Colson Whitehead vient de publier un nouveau roman, Harlem Shuffle. Ce polar constitue une transition par rapport à ses derniers livres, Underground Railroad et Nickel Boys, l’un et l’autre couronnés par le prix Pulitzer (avant Whitehead, trois écrivains seulement ont obtenu deux fois ce prix), le premier de ces romans ayant également reçu le National Book Award. Début janvier, EaN l’a rencontré à Paris.


Colson Whitehead, Harlem Shuffle. Trad. de l’anglais (États-Unis) par Charles Recoursé. Albin Michel, 432 p., 22,90 €


Harlem Shuffle : entretien avec Colson Whitehead

Colson Whitehead (2017) © Jean-Luc Bertini

Qu’est-ce qui vous a poussé à écrire un polar ?

En général, la genèse de mes livres est assez banale. En l’occurrence, en 2014, j’étais en voiture avec ma femme, on hésitait sur la vidéo à louer pour la soirée, je songeais une fois de plus à Ocean’s Eleven, je me suis dit : quelle joie ça a dû être de faire ce film ! J’adore les films de braquage, je me suis demandé si je pouvais faire un roman de braquage. Je me suis dit : « Pourquoi pas ? » Sauf que j’étais en train de commencer la rédaction d’Underground Railroad. Ensuite, avec la victoire de Trump à l’élection présidentielle, et mon besoin psychologique de trouver de l’espoir dans tout ce désespoir, il me semblait plus pertinent de travailler sur Nickel Boys. Enfin, je crois que c’était en 2019, mon emploi du temps était libre, et je m’y suis mis pour de bon.

Il me fallait un personnage principal, j’ai pensé à la figure du receleur (« fence ») dans les films de braquage. Vous savez comment ça se passe : supposons que les braqueurs volent deux millions de dollars, la moitié de la bande a été tuée, les autres saignent, ils viennent rencontrer le receleur qui leur dit : « Je vous donne 10 % ». Et eux, ils répondent : « Quoi ! Tout ce travail pour ça ?! » J’ai commencé à réfléchir sur ce personnage, j’ai fait des recherches. Beaucoup d’entre eux auront une boutique officielle où ils vendent de l’électronique, des meubles d’occasion, puis au fond du magasin ils vendent les trucs illégaux. À mes yeux, cela reflète bien leur nature divisée : au premier abord, ils donnent l’impression d’être honnêtes, mais en fait ils ont un côté obscur. Et là, j’avais les prémices de la psychologie de Ray Carney [le héros du roman].
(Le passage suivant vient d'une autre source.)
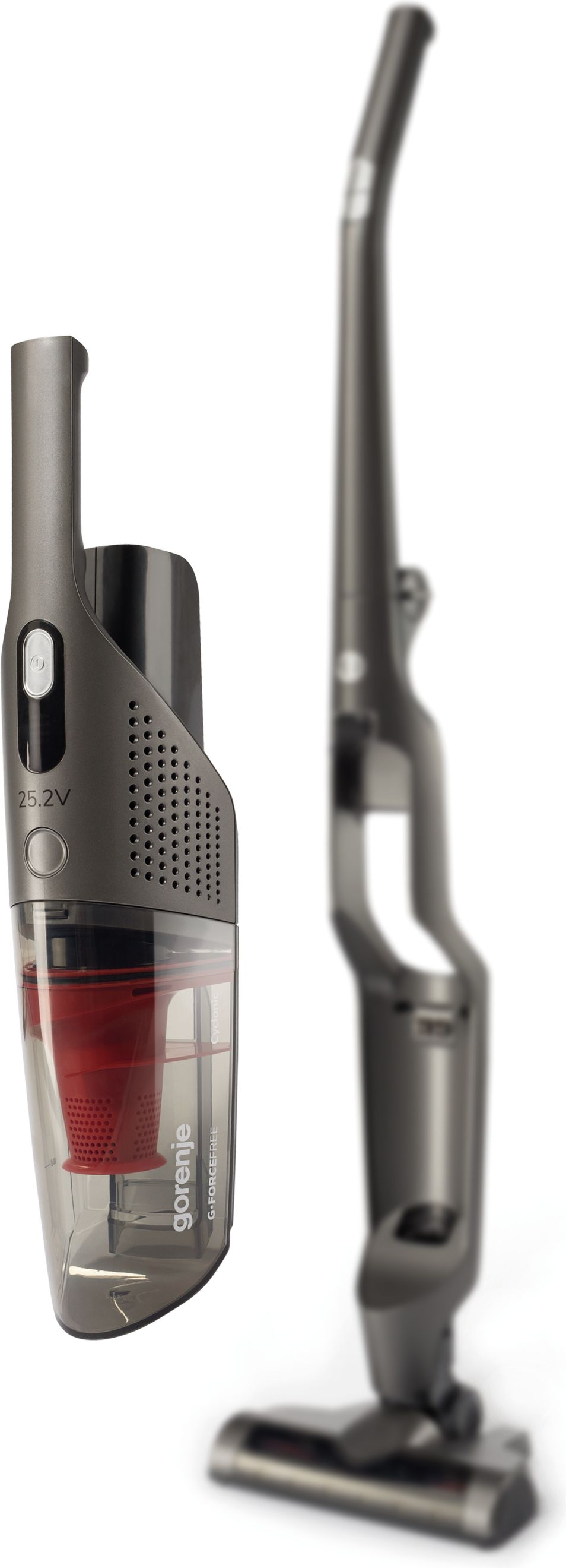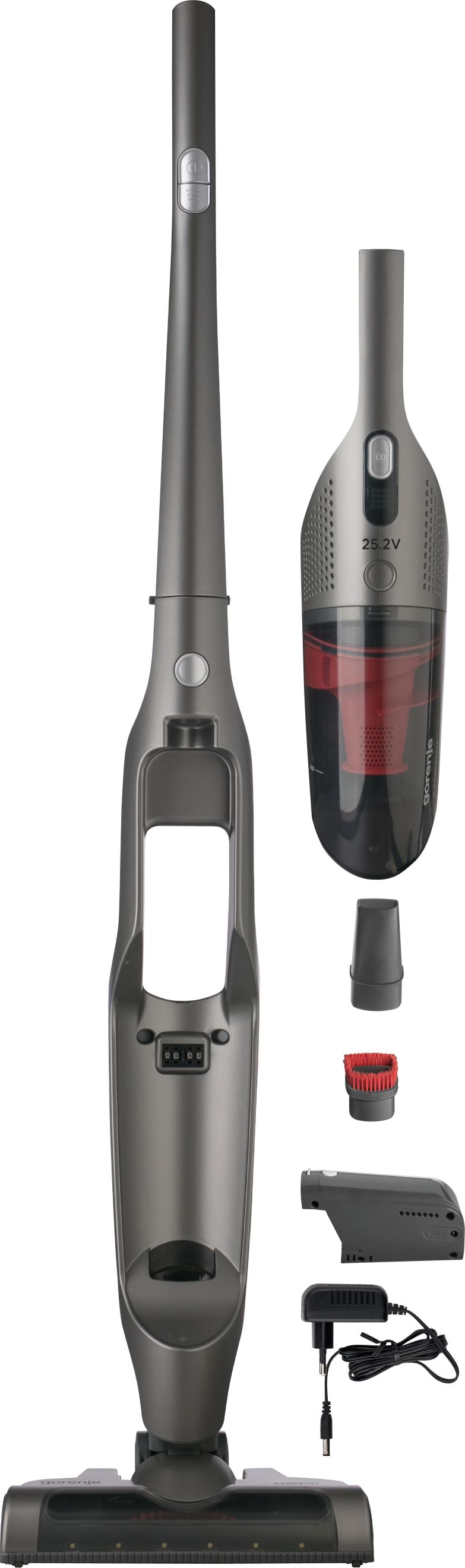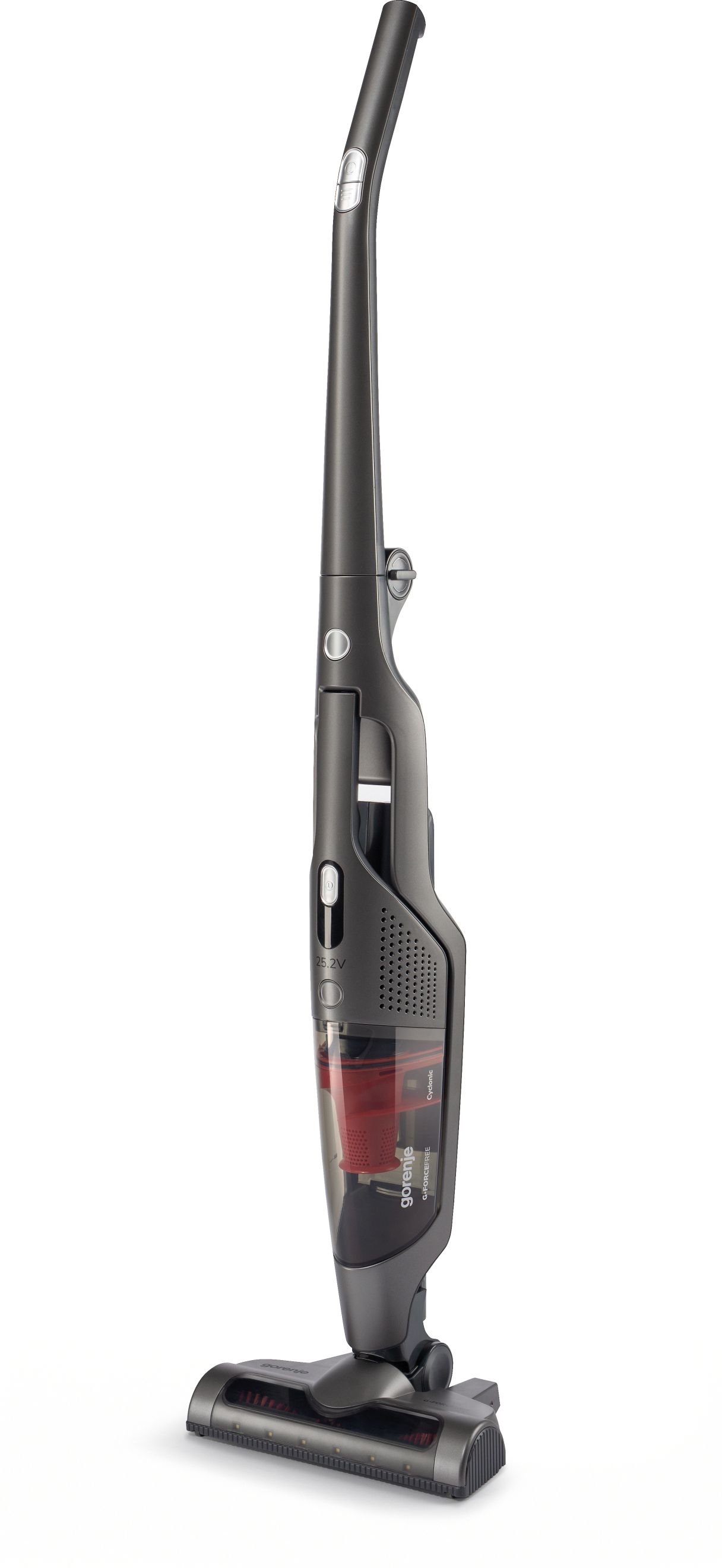Легке очищення контейнера для пилу Не забруднивши рук Контейнер для пилу легко очистити. Одним рухом викрутіть ручку фільтра, витягніть його і витрусіть пил із контейнера. Знімний акумулятор Зберігання й заряджання акумулятора будь-де Не потрібно під"єднувати пилосос до зарядної станції, він стоїть сам по собі. Одним рухом вийміть акумулятор і заряджайте його де зручно. Крім того, якщо придбати додатковий акумулятор, це надасть можливість використовувати пилосос, доки перший акумулятор заряджається. А зручна складна ручка допоможе сховати пилосос у зручне для вас місце для зберігання. Використовуйте лише оригінальні запчастини Gorenje. Постійна потужність Час роботи до 70 хвилин Літієвий акумулятор нового покоління забезпечує значно довший час роботи, ніж у попередніх моделей. Тривалість роботи до 70хвилин дозволяє за один заряд прибирати всю оселю. Час прибирання залежить від налаштування швидкості, типу покриття підлоги та забруднення. Завдяки потужній літієвій батареї потужність всмоктування не змінюється протягом роботи. Навіть коли батарея заряджена лише наполовину, ваш пилосос все одно працюватиме на повну потужність. Також скоротився час зарядки. Всього за 4-6 годин пилосос знову готовий до роботи. Електрична турбощітка Універсальний інструмент для прибирання будь-яких поверхонь Технологічна електрична турбо-щітка має ширший вал зі щетиною для кращого всмоктування сміття. Щітка легко справляється з прибиранням довгого волосся і шерсті тварин, а для очищення знімається одним натисканням на важіль. А гумові бампери захищають ваші меблі від випадкових ударів. Дістане під найнижчі меблі Жодних пропущених куточків Потужні світлодіоди освітлюють темні ділянки. Гнучке з"єднання дозволить вам легко дістатися під шафи, столи та дивани.
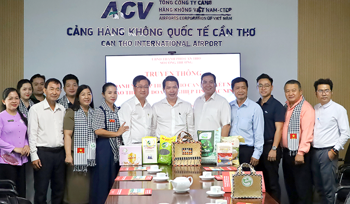 Lãnh đạo ngành Công Thương thành phố, đại diện Cảng Hàng không Quốc tế Cần Thơ cùng các doanh nghiệp tham gia sự kiện chụp hình lưu niệm.
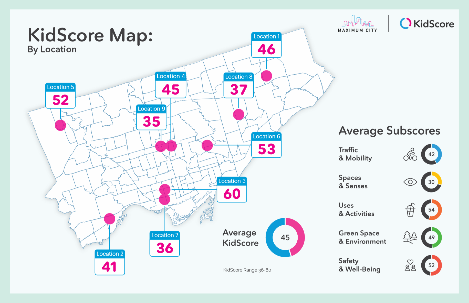 The KidScore is both an engagement tool and a metric for evaluating the child-friendliness of urban places. It was made by kids and experts to help create happier and healthier urban places for kids. In 2019, Maximum City conducted a pilot of the KidScore in nine communities for the City of Toronto’s Children’s Services. The goal was to engage kids in assessing the child-friendliness of nine diverse locations using the KidScore, and produce actionable data for improving child-friendliness at the neighbourhood and city-wide level. In total, 248 kids ages 5-13, their teachers, program staff, parents, City staff and a variety of researchers and experts all contributed to the 2019 KidScore Pilot Program. The project was recognized by IAP2’s Core Value Award for Diversity and Inclusion.
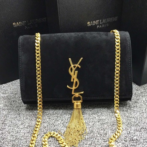 YSL bojtos láncos táska 22 cm-es velúr bőrből, fekete
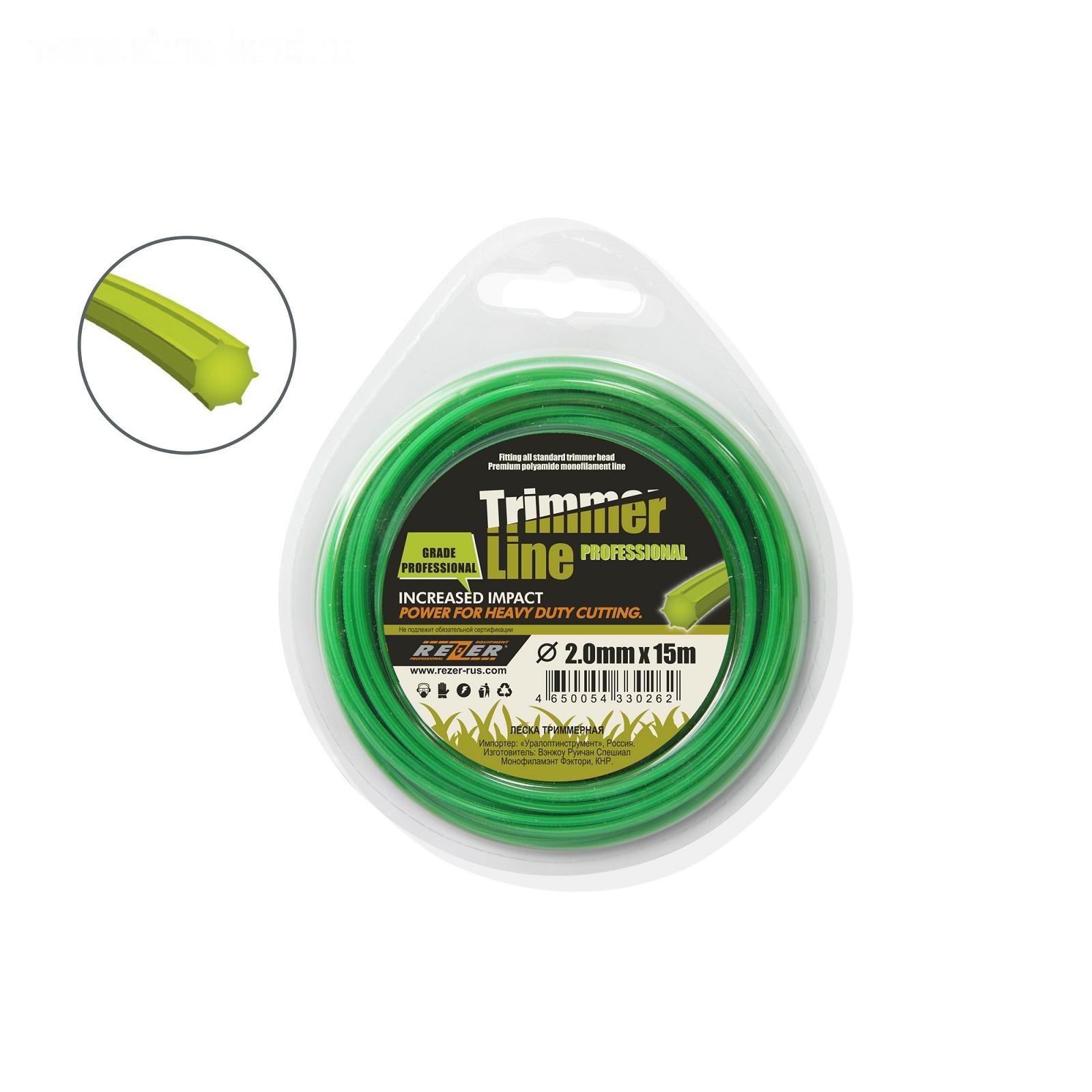 Леска для триммера Rezer 03.007.00073, d=2 мм, 15 м, сечение семиугольник

Un braquage a-t-il quelque chose de singulier ?

Il y a deux sortes de braquages, ils ont en commun de tourner autour de la capacité de déjouer le destin. Dans le premier cas de figure, vous arrivez à bien organiser et planifier, tout se passe comme vous le vouliez : vous transcendez vos origines, voire votre existence sordide, en accomplissant le grand vol, pour obtenir le pactole qui permettra la transformation de votre vie. Dans le second cas, le lecteur/spectateur sait d’avance que, malgré des préparatifs identiques, le résultat ne sera pas le même : le conducteur du véhicule finira par reprendre de l’héroïne, le perceur de coffre-fort sera trompé par sa femme, et donc le jour du braquage tout part en vrille, on ne peut échapper à son destin, vous êtes condamné à votre existence minable.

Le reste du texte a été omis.